We could further skip some of the Rust method parameters on the COM level and fill these in by Intercom.
The primary (and for now only) use case for this would be the type system argument. Being able to tell what type system is being used to invoke a function has immediate use case in writing unit tests for Intercom itself. But it would also be required if someone wants to write methods by managing interface pointers, etc. themselves.
The big open question here is what kind of marker we'll want for such parameters. Below are some options in terms of the intercom::TypeSystem enum.
/// Assume certain types are always contextual types.
fn foo( &self, ts : intercom::TypeSystem );
/// Require an attribute on the parameter.

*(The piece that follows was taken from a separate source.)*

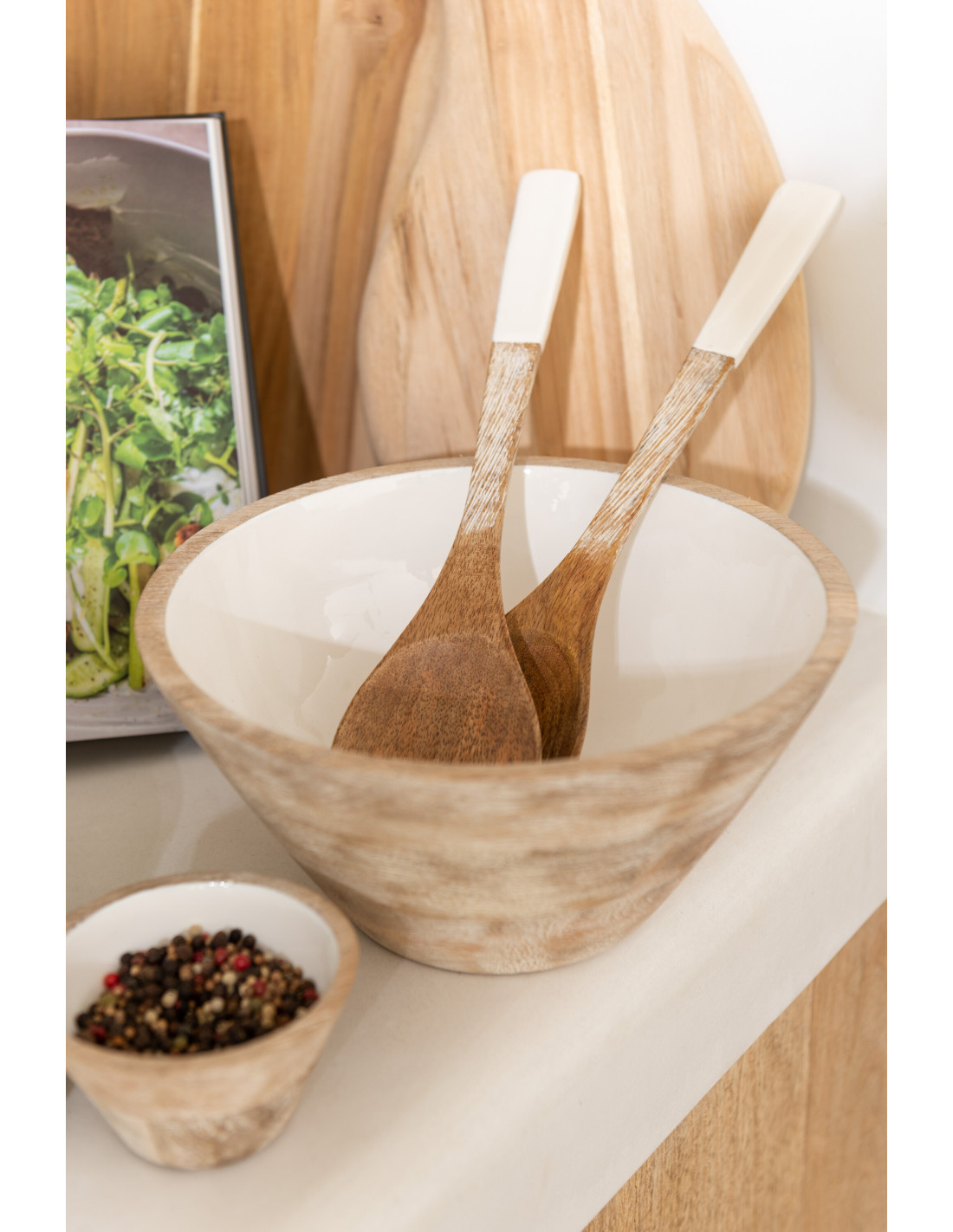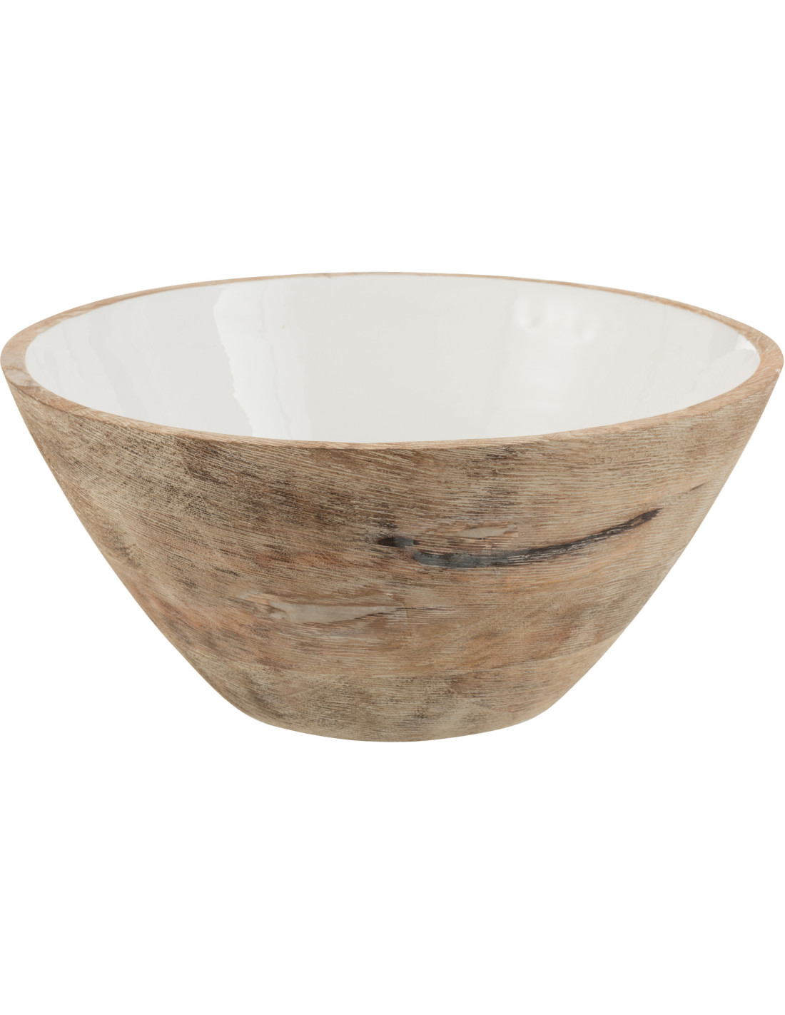 Grand Saladier moderne Rond Diamètre 30 cm en Bois de manguier Blanc Marron Vieilli Taryniss - 1

fn foo( &self, #[intercom::context] ts : intercom::TypeSystem );
/// Use a generic type instead.
fn foo( &self, ts : intercom::CallContext<intercom::TypeSystem> );Personally I'm in favor of the first one. Intercom needs to be aware of these types anyway and as such we can be certain that these types are not COM-compatible (no #[repr(C)]).
The one dirty aspect with this is that when Rust wants to call such COM methods, there's no clean way to communicate to the caller that these things are not needed...
Although things like ts should probably affect the preference of which TS to use in case the ComItf we are using to call these methods happens to have both Automation and Raw interfaces available. Though is it an error if the asked interface is not available? There's no real TypeSystem::Any variant and we don't want one for output purposes.